:: Task ::
Carry over every entry exactly as written, though not the pictures it contains.

Recorded data:
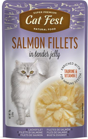 Филе лосося в желе Cat Fest, 70 г - полноценный корм для взрослых кошек, дикий лосось в желе, нежный и питательный корм.
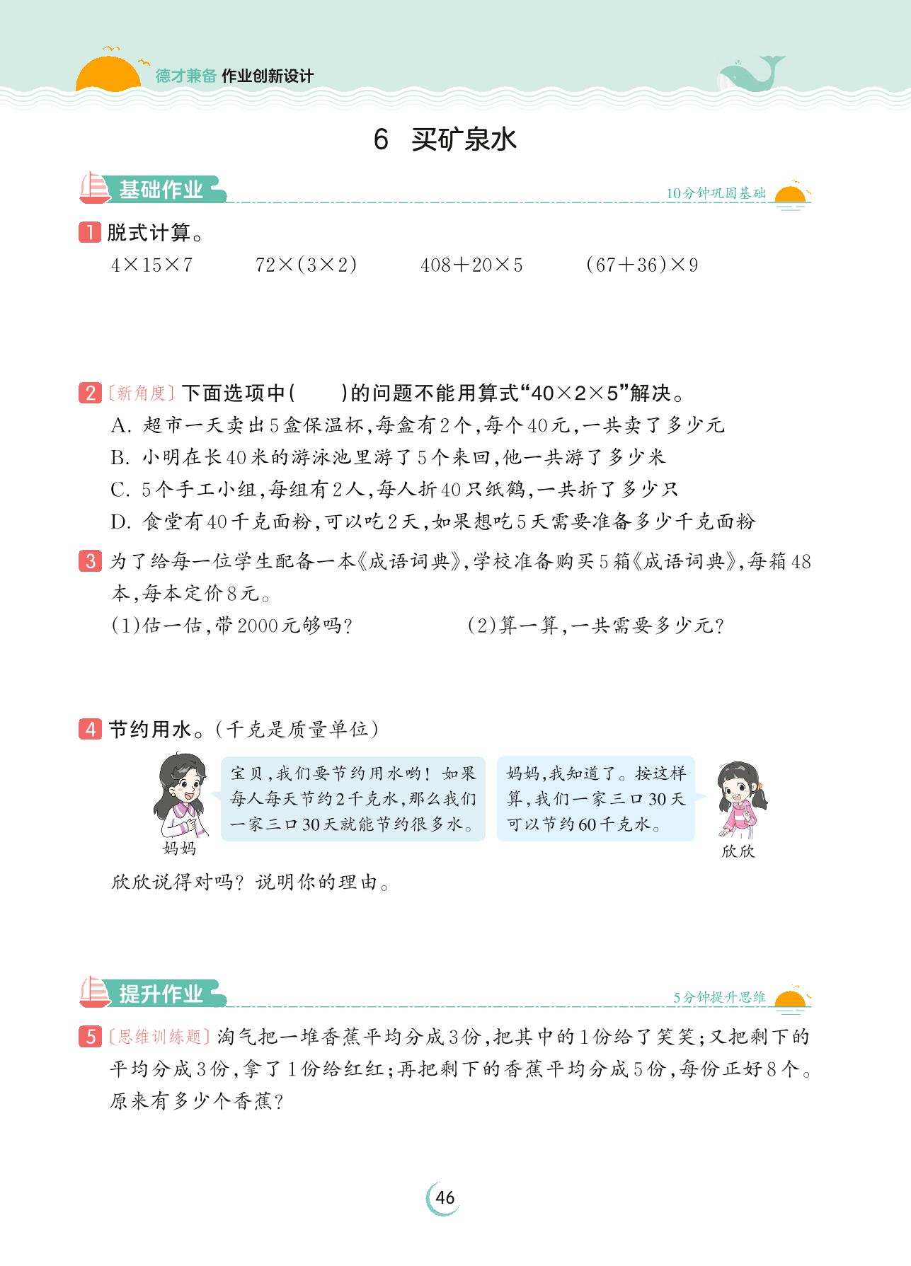 2023上册三年级数学北师版 第六单元 乘法——6 买矿泉水
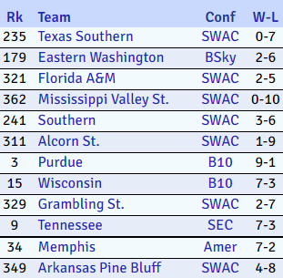 But check out all those SWAC teams⦠theyāre full-time road-trippers. Mississippi Valley Stateās first home game of the season is Jan 6. Alcorn State played an NAIA team at home on Nov 8, their next home game isnāt until Jan 20. These dudes earn their scholarships for sure. If the Washington Generals were in a conference, it would be the SWAC.
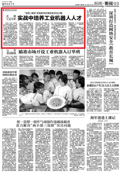 2019年4月18日,《中国教育报》第三版以《互博电子体育:实战中培养工业机器人人才》为题对我校做了报道,现将全文转发如下,以飨读者。
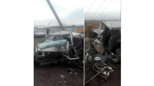 تصادف مرگبار پراید با تیر چراغ برق+عکس
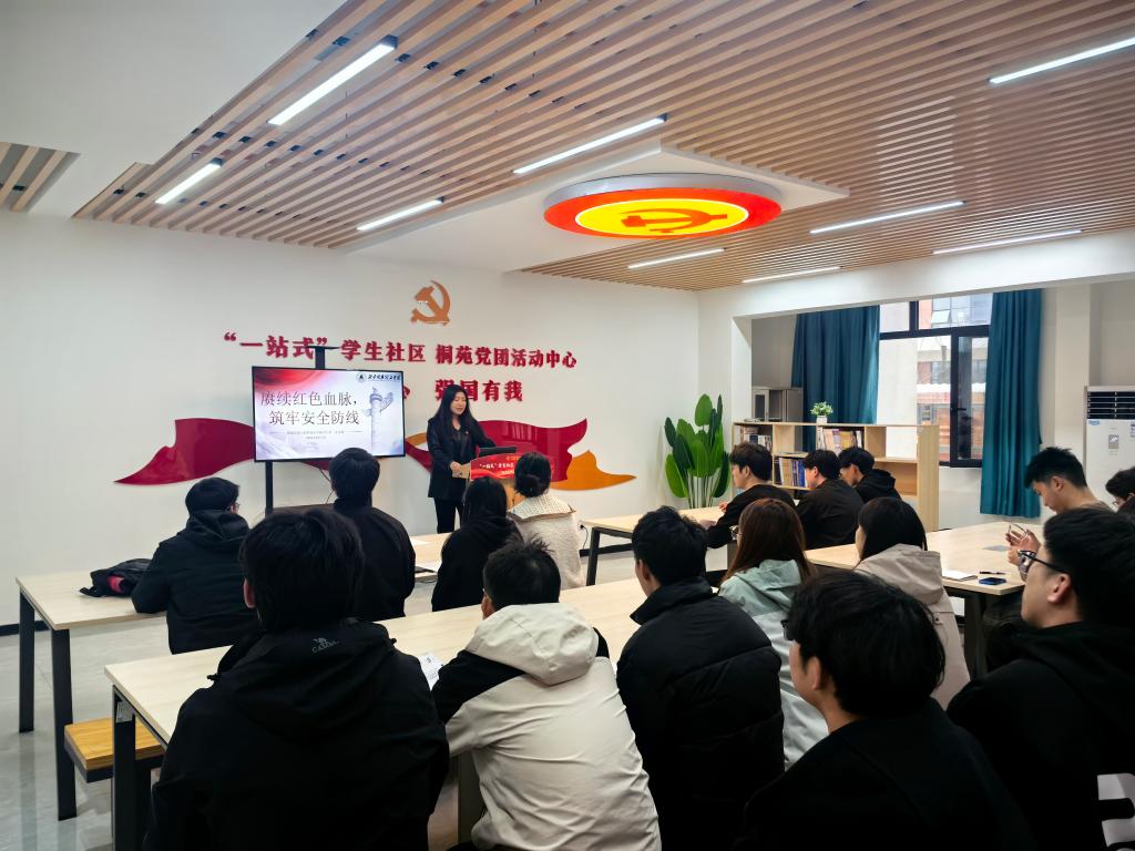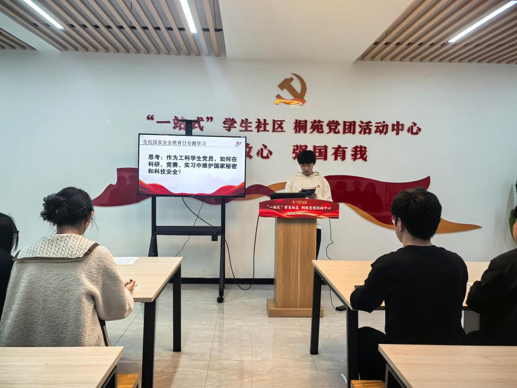 在第十一个全民国家安全教育日到来之际,为深入贯彻落实总体国家安全观,增强学生党员维护国家安全的责任感与使命感,特别是引导工科专业学生党员在科研、竞赛、实习中严守国家秘密与科技安全。4月14日,智能制造与控制技术学院学生第一党支部在桐苑党团服务中心组织开展了“赓续红色血脉,筑牢安全防线”主题党日活动。本次活动由支部书记周佳琪老师主持,支部全体学生党员参加活动。

:: Answer to the exercise ::
 Филе лосося в желе Cat Fest, 70 г - полноценный корм для взрослых кошек, дикий лосось в желе, нежный и питательный корм.
 2023上册三年级数学北师版 第六单元 乘法——6 买矿泉水
 But check out all those SWAC teams⦠theyāre full-time road-trippers. Mississippi Valley Stateās first home game of the season is Jan 6. Alcorn State played an NAIA team at home on Nov 8, their next home game isnāt until Jan 20. These dudes earn their scholarships for sure. If the Washington Generals were in a conference, it would be the SWAC.
 2019年4月18日,《中国教育报》第三版以《互博电子体育:实战中培养工业机器人人才》为题对我校做了报道,现将全文转发如下,以飨读者。
 تصادف مرگبار پراید با تیر چراغ برق+عکس
 在第十一个全民国家安全教育日到来之际,为深入贯彻落实总体国家安全观,增强学生党员维护国家安全的责任感与使命感,特别是引导工科专业学生党员在科研、竞赛、实习中严守国家秘密与科技安全。4月14日,智能制造与控制技术学院学生第一党支部在桐苑党团服务中心组织开展了“赓续红色血脉,筑牢安全防线”主题党日活动。本次活动由支部书记周佳琪老师主持,支部全体学生党员参加活动。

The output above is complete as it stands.